Don't understand me wrong : I personally would think, that it is plausible, that playing cards occasionally would have served divination interests in 15th century. But in the argumentation about it only hard evidence would count.
The Spanish Emperor cards (ca. 1450), which were explored by Ross recently and somehow also the Boiardo Tarocchi have also a little bit this divination interests. In both cases the cards are filled with words (poems), something, which repeats in the lot books. But both also can't be counted as "strong evidence".


The 4x22-model, presented by Bollstatter, is only documented in German sources about Bollstatter(as far I know).

http://en.wikipedia.org/wiki/Konrad_Bollstatter
http://de.wikipedia.org/wiki/Konrad_Bollstatter
http://www.tarotforum.net/archive/index ... 81948.html
viewtopic.php?f=11&t=442
And thanks for tracing the idea all the way back to Moakley. How insightful she was (I at least think)!
[/quote]

I didn't contribute this (I think, it was Marco), and also I would think, that this idea is rather trivial and happened much earlier, long before Moakley.
I personally had no problem to have the idea myself, totally without Moakley and totally without any source, as far I remember (though later than Moakley ... :-) ... but if I would start to be proud of such trivial stuff, I would have much to do ... ).
The whole 22-mystery was presented in Sepher Yetzirah at least ca. 500 AD and also as a subsystem of I-Ching 3000 years ago ... :-) ... it's just a trivial part of the features of the binary tree.

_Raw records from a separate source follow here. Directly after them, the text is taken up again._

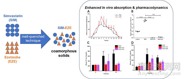 辛伐他汀通常與依折麥布聯(lián)合應(yīng)用于臨床膽固醇降低治療,但它們的溶解度和生物利用度較低。在這個(gè)案例中,辛伐他汀和依折麥布被制備成一個(gè)共無(wú)定型體系,以提高它們的溶解度、生物利用度和穩(wěn)定性等方面的性能。研究人員采用熔融淬火技術(shù)成功制備了共無(wú)定型體系,并對(duì)形成的共無(wú)定型進(jìn)行了表征。結(jié)果顯示,共無(wú)定型體系相比物理混合物具有更好的物理穩(wěn)定性和更快的溶解速率。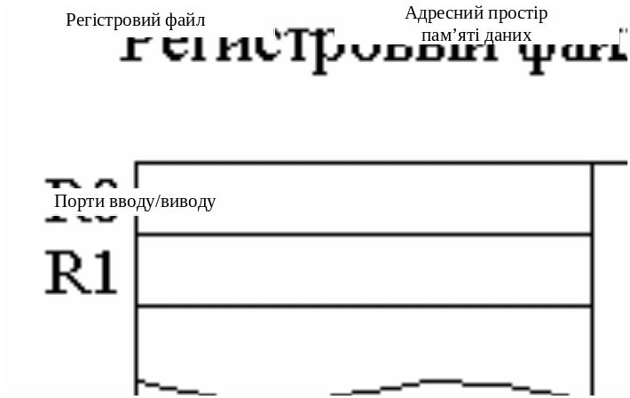 Рисунок 1.2 - Ілюстрація відображення регістрів загального призначення й портів уведення/виводу на адресний простір пам'яті даних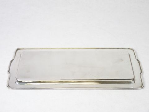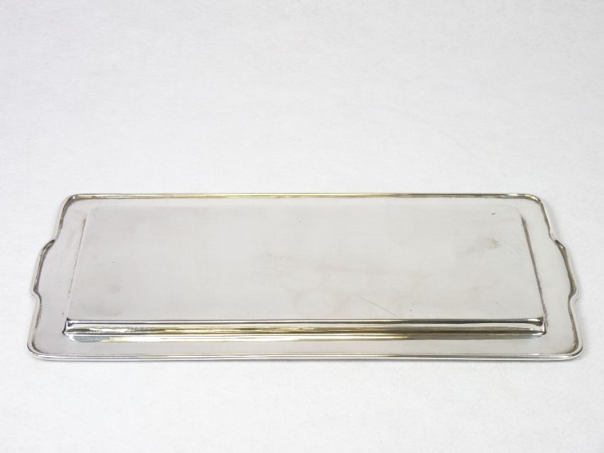 A PLAIN OBLONG SILVER DRINKS TRAY - Birmingham 1935, 14.5ozs, 33cms L, 16cms W

... :-) ... If one of the human strings of playing card research (let's assume some part of English language esoteric) did their best to overlook the somehow natural and trivial relationship between dice game and card game during 15th century in Italy in all their jungle of far more complex speculations about the mysteries of Tarot, so it's somehow difficult to celebrate Moakley's idea a great breakthrough of human evolution.
It's more part of the otherwise interesting phenomenon, how good this hypnosis about all these mysteries of Tarot had worked, which worked according the motto: assume the fantastic and overlook the simple ... .-)

Another simple and logical relationship is that between Chess and Tarot. Chess had already an iconographic tradition before playing and Trionfi cards had been even known. Chess was a dominating game ... it's very natural, that the new media playing cards took influences of the other.